Dropping every picture, set down exactly the lines in the entries below, starting with the line with "This Sterling Silver" and going on through the line with "فيديو مرعب.. لحظة".

----- Exercise inputs -----

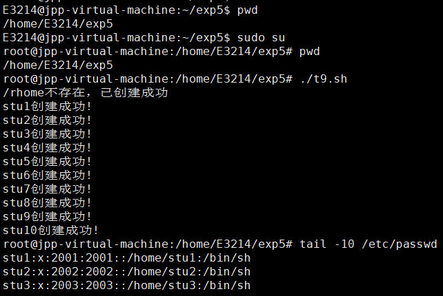 注:由于ubuntu18不支持passwd --stdin这条命令,所以我就用chpasswd这条命令替代了,并且增加了用户成功创建的提示命令。
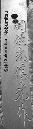 Since ancient times the signatures (mei) on the tangs (nakago) of Japanese swords have occasionally been carved by individuals other than the swordsmiths themselves. In some cases one swordsmith would carve the mei of another working with him. Sometimes a student would carve the mei of a sword made by the master swordsmith. At other times the master swordsmith would carve his name on an exceptional blade made by one of his students. These types of signatures are referred to as "dai mei" and "dai saku mei". During the Showa era (WW II period) it was a wide spread practice for a group of swordsmiths to have their mei carved by a single individual. Sometimes this was done by one of the swordsmiths in the group; other times it was a separate individual. When one individual carves the mei of several swordsmiths, such carved signatures are termed "meikirishi mei". This practice was particularly wide spread in the Seki area (Mino/Noshu region). Seki was the principle region for sword production during the Showa era. Below are several oshigata demonstrating this practice.
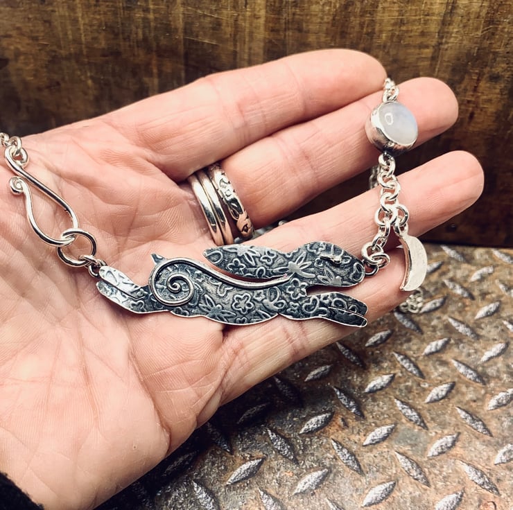 This Sterling Silver necklace features a beautifully crafted Hare, which has been pierced from a sheet of silver using traditional jewellery techniques and embossed with a unique pattern. The Hare is paired with a Silver Moon and a flashy blue Moonstone, all set in silver and linked together with a handmade heavy-weight Belcher chain. Some parts of this necklace are oxidised to enhance the detail
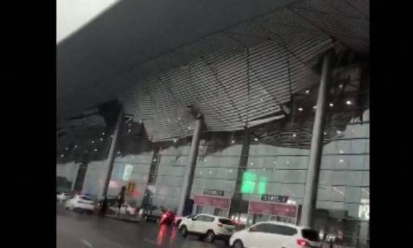 فيديو مرعب.. لحظة انهيار سقف المطار أثناء مرور السيارات
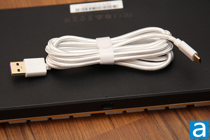 At the back of the Cooler Master SK650 White Limited Edition is the USB Type-C cable lead out. It comes out in the center and is detachable. This braided cable is of average thickness and extends 1.8m in length to connect to your computer via one standard, non-gold-plated USB Type-A connector. When we bring about the question of whether gold plated connectors are actually useful or not, let us just say if it was the actual pins, then possibly -- since gold offers better conductivity than other metals. This theoretically establishes a better connection with your computer, but on a digital signal level, we must understand it is a discrete one or zero; if anyone tells you they can tell the difference, you can definitely defeat their theory with a double blinded test. Additionally, if you are referring to the gold part of the connector you see on the plug, I would like to point out it actually does not make any physical contact electrically with your computer. In other words, it is nice to have and it is pretty to look at, but it is not anything significant on a practical level. The lack of a gold-plated USB connector will not have any performance impact on the Cooler Master SK650 White Limited Edition.
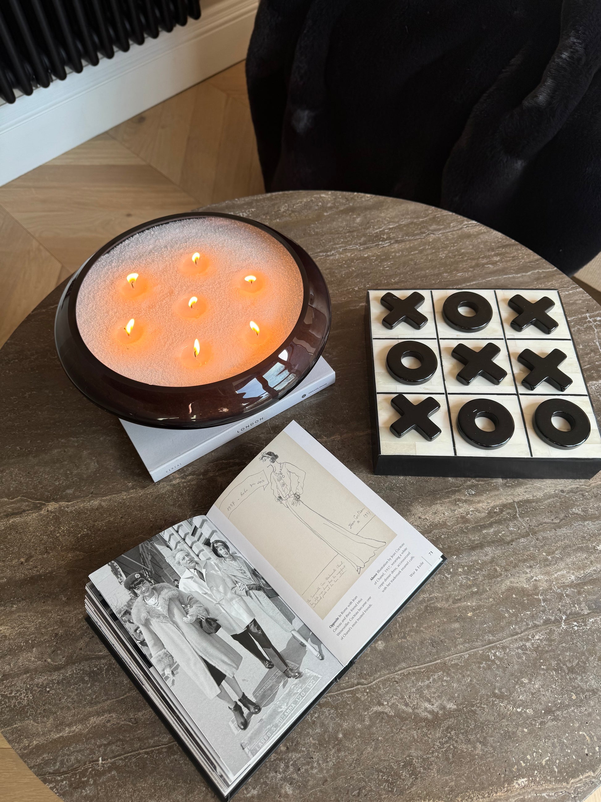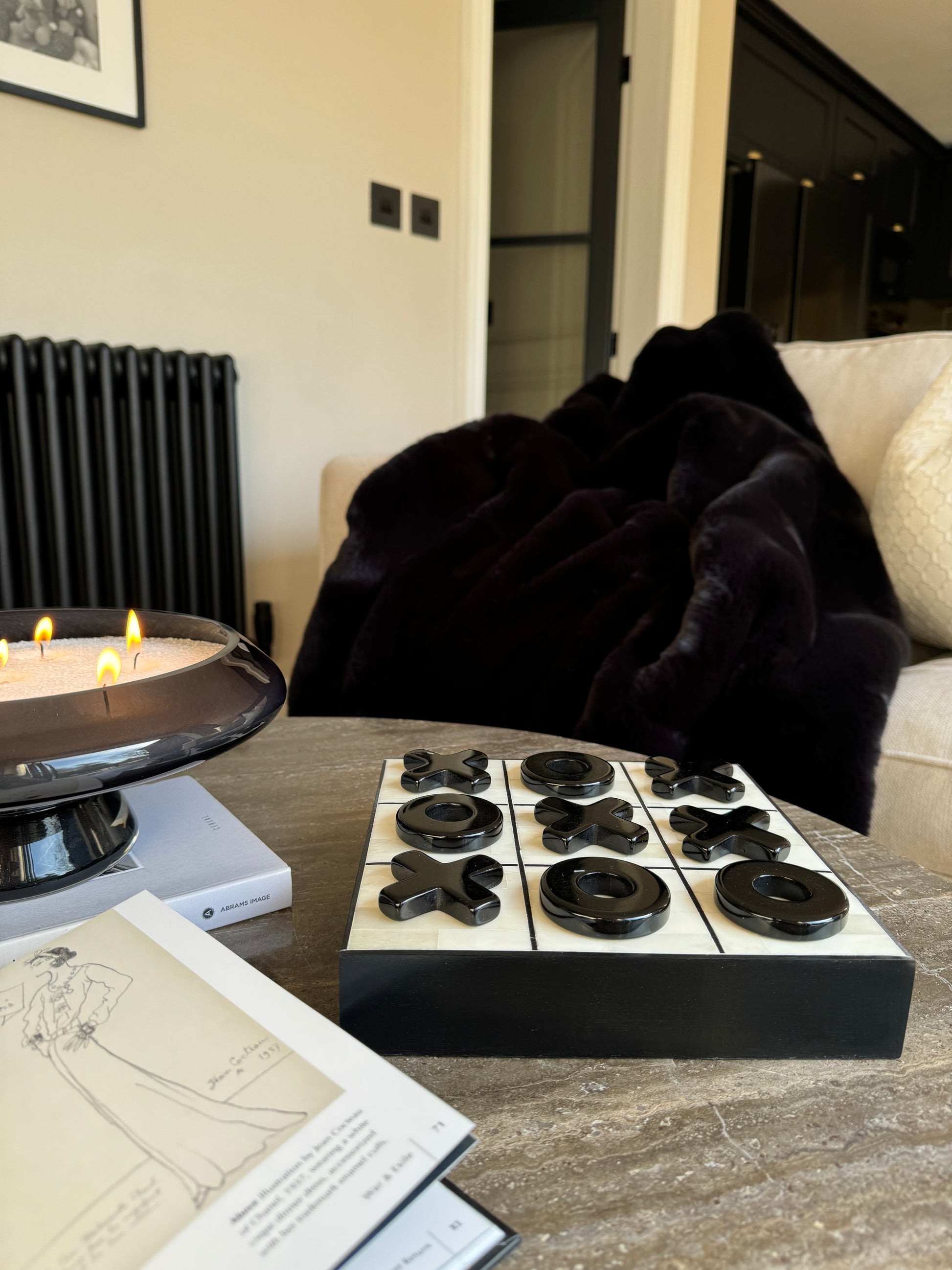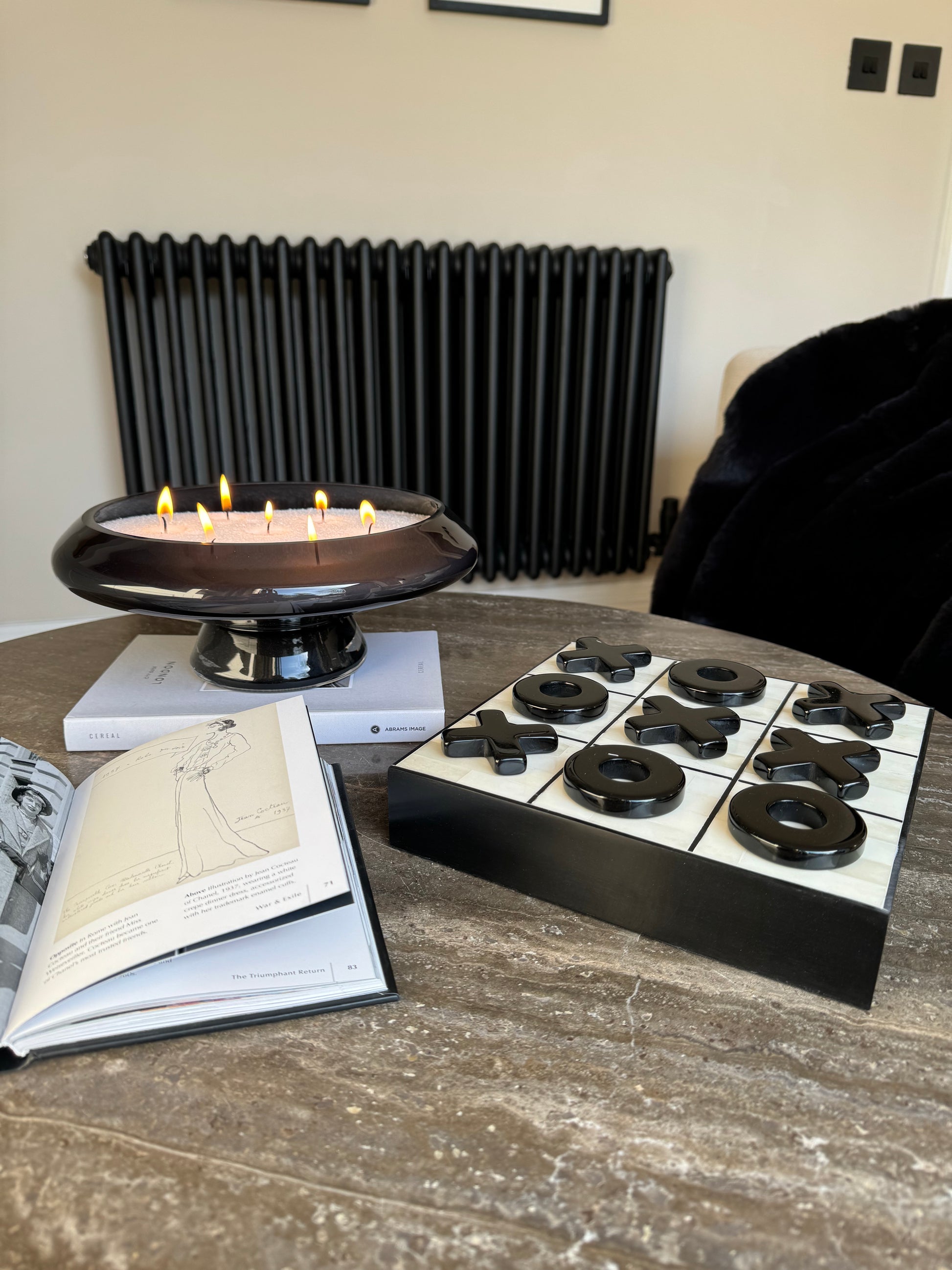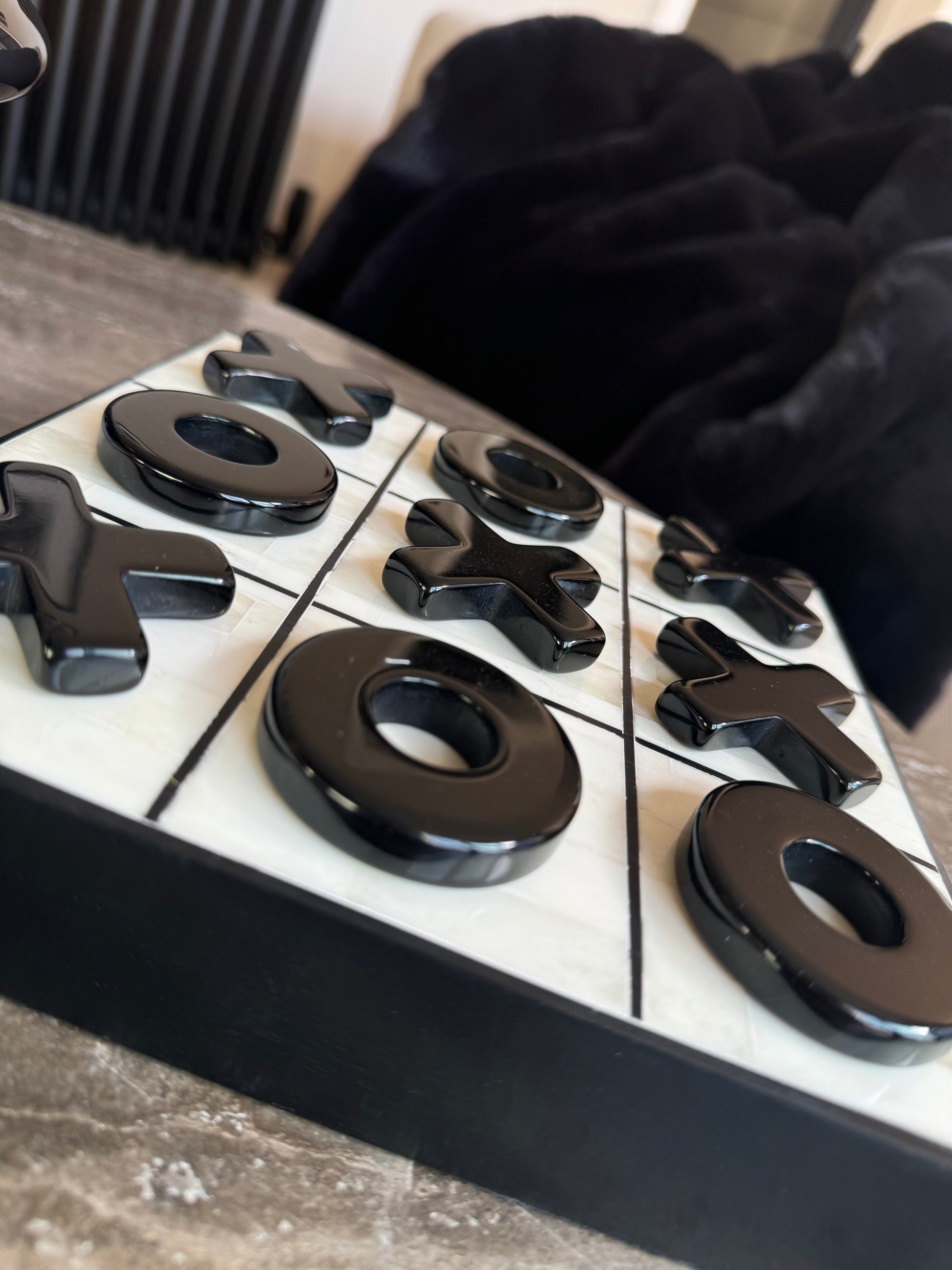 Elevate your decor with the Chollerford Bone Inlay Noughts and Crosses Game, a perfect blend of playfulness and sophistication. Featuring a bone inlay playing surface set atop a sleek black resin box, this timeless game adds a touch of elegance to your space. The black resin playing pieces complement the refined aesthetic, making it as stylish as it is entertaining.
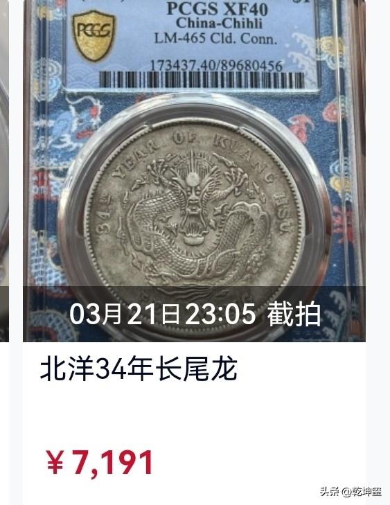 这也太离谱了? 在同一微拍店,同期上拍的一枚大清宣三银元竟然拍不过一枚北洋龙? 在北洋三品中,北洋,宣三,造总,它们之间的关系大概是两枚北洋价格是一枚宣三的价格,两枚宣三是一枚造总的身价,有些时候是差三倍。 而这枚被美评标注98的宣三竟然才拍了5202元,而北洋被美评级有分的40,竟然拍了7191,将近比宣三高2000元,真的太不可思议了吧?银元鉴定技巧 银元版别价值 北洋军阀龙版别 东三省造银元 清末银元 银元价格波动 晚清民国银元 银元价格评估 光绪年坐洋银元 银元大头龙洋 复刻军阀银元 银元真赝 宣三短须龙硬币 清末银币 银元赏析
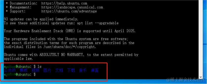 此时我们就能输入相应命令,远程操作Ubuntu系统。比如输入命令“ls”,就能看到Ubuntu系统下的文件夹情况。

-----

Response to this task
 This Sterling Silver necklace features a beautifully crafted Hare, which has been pierced from a sheet of silver using traditional jewellery techniques and embossed with a unique pattern. The Hare is paired with a Silver Moon and a flashy blue Moonstone, all set in silver and linked together with a handmade heavy-weight Belcher chain. Some parts of this necklace are oxidised to enhance the detail
 فيديو مرعب.. لحظة انهيار سقف المطار أثناء مرور السيارات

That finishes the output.